Plate tectonics is a powerful force, and it explains how entire landmasses can be shuffled around the globe so easily. The Earth is not solid rock all the way through; beneath the solid crust that we walk on is the mantle, made up of superheated, thick, churning rock. The continental crust is only about 15-25 miles thick, so compared to the nearly 8,000-mile diameter of the globe, the crust only makes up a fraction of Earth. As the liquid mantle gets heated by the core, it surges and falls like the oil in a lava lamp. Warm rock rises due to its low density. As it gets to shallower depths with less pressure, this hot rock begins to melt. This process is called convection, and it leads to the solid crust on top cracking and riding the surface of the mantle. This process has been happening for billions of years, bringing large landmasses together and ripping them apart.

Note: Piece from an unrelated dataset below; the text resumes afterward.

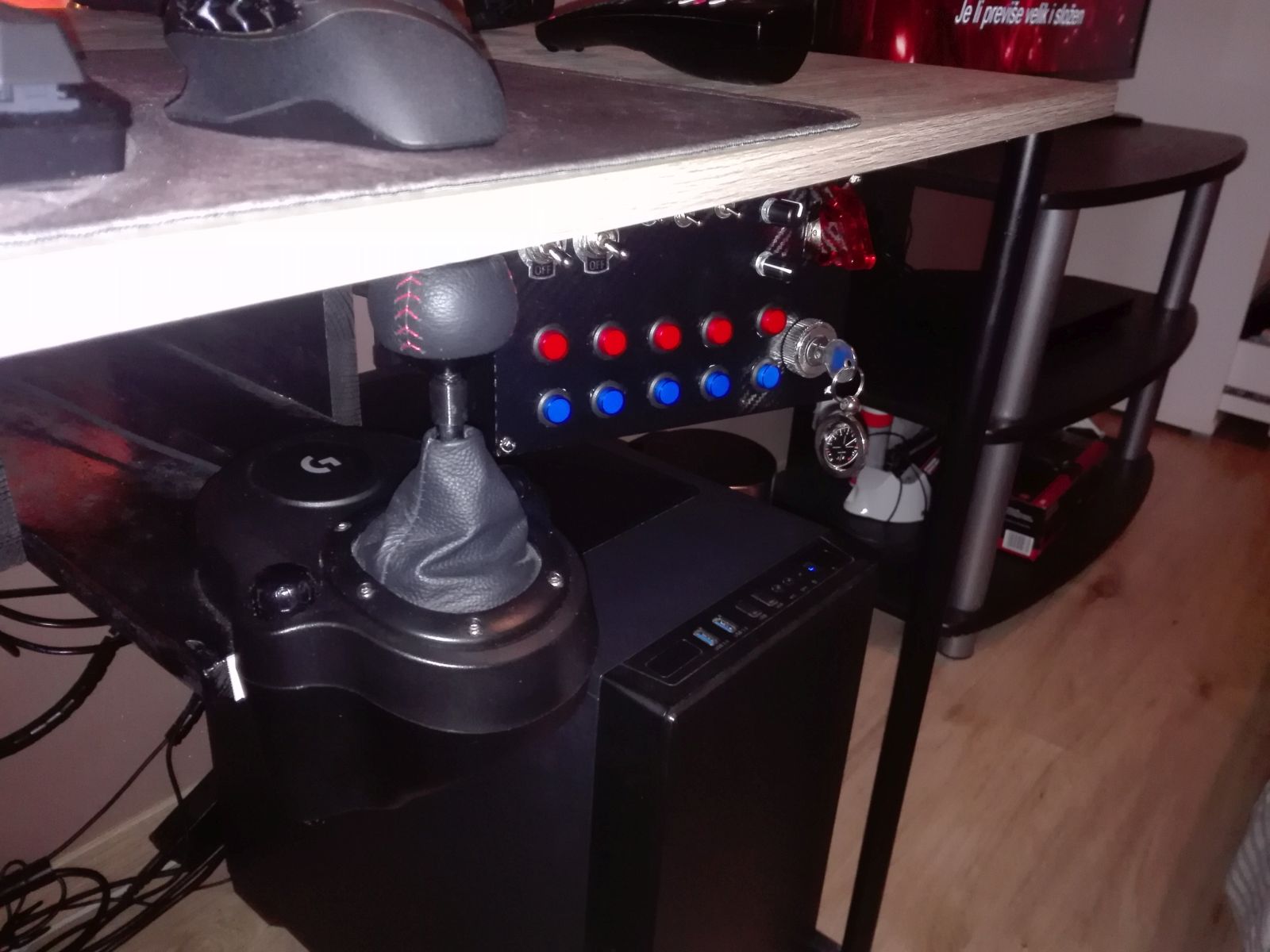 Ovo sam si napravio zadnjih mjeseci. Prvo nosač koji se uvlači pod stol a onda napravio button box. Prekidači s Alija i ploča od Lea Bodnara, sve šljaka super. Kupio sam od 3drap i onaj mod za mjenjač (Mod Cambio 3.5) ali prejak mi je otpor i sad stoji u ladici. Prije 10 godina kad sam imao G25 sam to napravio pa vjerojatno u budućnosti opet napravim. |

This story begins 1.2 billion years ago, when the continents were unrecognizable. The Atlantic Ocean was nowhere to be found, and instead, a massive supercontinent named Rodinia (Russian for “homeland”) stood in its place. All the continents on Earth were once bundled together, merging into one landmass after smashing into each other as tectonic plates were pushed together from below. This collision is called the Grenville Orogeny, and it left behind the ancestors of the Appalachian Mountains, the Grenville Mountain Range. Before billions of years of rain and wind eroded them down, these hills were massive, similar to the Himalayas today. Below trillions of pounds of material on top, magma sat in the belly of the mountains, slowly cooling in their insulated chambers. This magma cooled into granite, the same kind one might find on kitchen counters at home. While these granite deposits are too deep in the hill to be seen from PVCC’s campus, they can be found elsewhere in Charlottesville, where they’ve been eroded out, like at Ivy Creek Natural Reserve or Ragged Mountain Reservoir. These granites are among the oldest in Virginia and the lowest rocks in the geologic sequence, called the basement complex.

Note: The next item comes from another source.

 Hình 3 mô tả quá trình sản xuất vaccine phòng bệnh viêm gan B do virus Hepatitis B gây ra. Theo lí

Even Rodinia was not impermeable to the forces of tectonic plates and was broken apart after only 250 million years. As the ground split below, gaps opened up, and magma breached the surface as lava that flowed across the landscape. The lava flooded out of cracks in the ground, filling in valleys, smoothing the landscape, and leaving behind a thick stack of dark rocks in its wake. The lava then cooled and solidified, turning into a jet black rock called basalt. Fresh lava deposits like these didn’t stay pristine for long, as in about 100 million years, another, more well-known supercontinent was shoved on top of these outcrops.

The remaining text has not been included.